Classifying the Information Flow Lifecycle of Variables - Mitigating Injection Attacks
In continuation of my strong inclination towards the effectiveness of having a secure coding framework used by developers compared to teaching secure coding to developers (esp. for non-software companies), here are some thoughts towards the effort of mitigating the injection attacks like cross-site scripting, SQL injection, OS injection etc.
The inspiration for this idea stems from my recent visit to an auto repair shop that wanted to perform a dye test to locate the exact valve that was leaking in my car and expanding on the talk by Brian Chess and Jacob West at Black Hat about Taint Propagation.
The lifecycle of any variable that is declared by an application code belongs to one of the following categories:
- The variable is set by the application code only and passed around within the application server itself and never leaves the server host; we will call this a "server side variable".
- The variable is set by the application code only and passed around to other server side components like a database server but never passed to a client browser; we will call this “multiple server side variable”.
- The variable is set by the application code only and can be passed around between a server and a client, with the intention that client never tampers the variable; we will call this a "server fixed variable".
- The variable is intended to be set by the client side and is passed around between a server and a client one or more times; we will call this a "client side variable".
In the above scenarios, we have identified four variable types based on the information flow or alternately identified 4 trust levels types of variables in an application code.

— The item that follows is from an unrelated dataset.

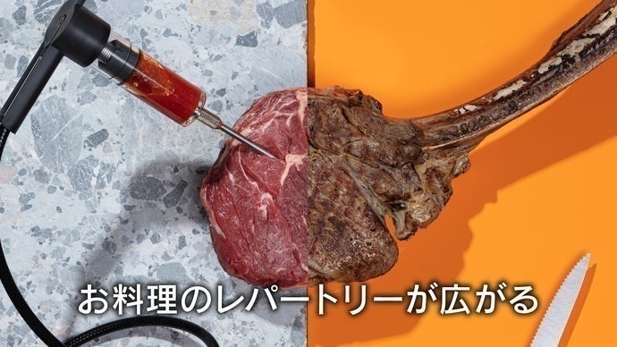 簡単な操作で調味料を食材の内部に浸透させます。これにより、短時間でしっかりとした味付けが可能となり凝ったお料理も時短しつつ味わい深いものとなります。

Now, imagine a secure coding framework has the ability to identify these four variable types by setting them with a standard nomenclature that differentiates them from each other.
For example: A server fixed variable will always be declared with a tag "pi" in its name i.e. stringpi x or intpi y etc, or a client side variable will always be declared with a tag "sigma" in its name i.e. stringsigma x or intsigma y etc.
With this ability of a secure coding framework to classify variable type, one could apply specific input validation/output encoding technique depending on the variable type.
Lets say a client side variable maintains it tag for each and every operation that is performed on it right from when it is declared in an application code. Since it is a client side variable and hence a low trust variable, a regex check is applied to it for each operation.
Similarly, lets say a server side variable that never leaves the server and hence is a high trust variable a regex check is applied to it only during compile time of the application code.
For e.g. every time the stringpi is declared, operated upon, moved, copied etc. a specific input validation technique that is most optimal for that variable type is applied by the framework like regex, parameterization, white-list approach etc.
Similarly a client side variable might get applied to both input validation and output encoding to prevent, lets say, cross-site scripting attack. With this approach, we achieve a number of objectives for mitigation against injection attacks:
- No variable goes unobserved, since it can be traced through the standard nomenclature.
- As soon as a variable is operated upon, based on the variable type, a requisite input validation/output encoding technique is applied by the framework.
- The developers job gets easier since if he/she is working on an independent code that is a module for the master code, the variable type is identified and hence corresponding input validation / output encoding technique automatically gets applied through the framework.